I have a problem. I want to build a new network enviroment at my work. The situation we now have is: one main server connected with two NAT NAS (raid 6).

I want to build two servers (running Hyper-V) at different places. These two servers need to be sync'ed all the time (if server one breaks down, server two will still be working and our clients can still connect to them).

My question is: what is the best way to accomplish my goal?

Thanks in advance. 

Bob


----------



## SirDice (May 13, 2011)

Just_Call_Me_Bob said:
			
		

> The situation we now have is: one main server connected with two NAT (raid 6).


You probably mean NAS, not NAT.



> I want to build two servers (running Hyper-V) at different places. These two servers need to be sync'ed all the time (if server one breaks down, server two will still be working and our clients can still connect to them).
> 
> My question is: what is the best way to accomplish my goal?
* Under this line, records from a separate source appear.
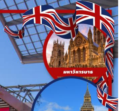
มหาวิหารบาส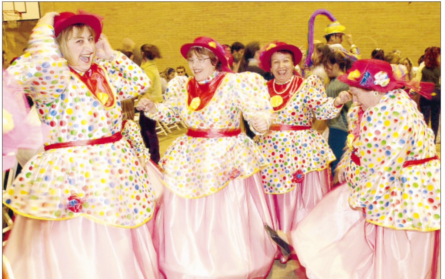
J. M. RODRÍGUEZ / AGM

Ramallo elogia de esta formación, más allá de complicidades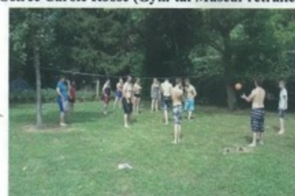
Loisirs détente classe Muscul-Ext. & Int.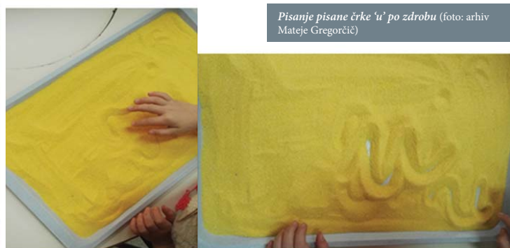
Pisanje pisane črke 'u' po zdrobu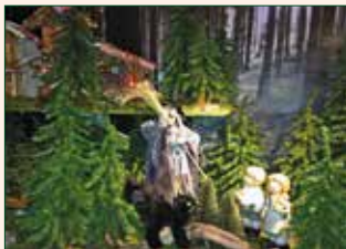
Hänsel und Gretel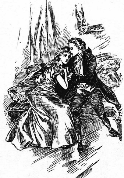
Ὁ μαρκήσιος τὴν ἐλάτρευε, δὲν τὴν ἄφνε καθόλου σχεδὸν ἀπ' τὴν ἀγκαλιά του...

Γαλάζιες φλόγες ὑπόσθηκαν τότε μὲ μᾶς ἀπὸ τὸ πάτωμα καὶ περιέκλωσαν τὴν μαρκήσια. Κι' ἀμέσως, μέσα σὲ μιά στιγμή, καὶ ἡ

That entirely depends on the services you are running.


----------



## Just_Call_Me_Bob (May 13, 2011)

> You probably mean NAS, not NAT.



Yes, my fault.



> Quote:
> I want to build 2 servers (running Hyper-V) at different places.
> These two servers need to be Sync'ed all the time.
> 
> ...



Hmm. We currently are hosting servers for company's that can logging to their own domain etc. We've reached the point that we need more space and more machines. 

Could you advise me a little bit?


----------



## SirDice (May 13, 2011)

There are several solutions, depending on your needs. 

A simple solution would use net/haproxy and a bunch of web servers. Data can be stored on the NAS. No need to rsync it, just store it centrally. 

A more elegant solution would probably use something like VMWare's vSphere combined with iSCSI storage.


----------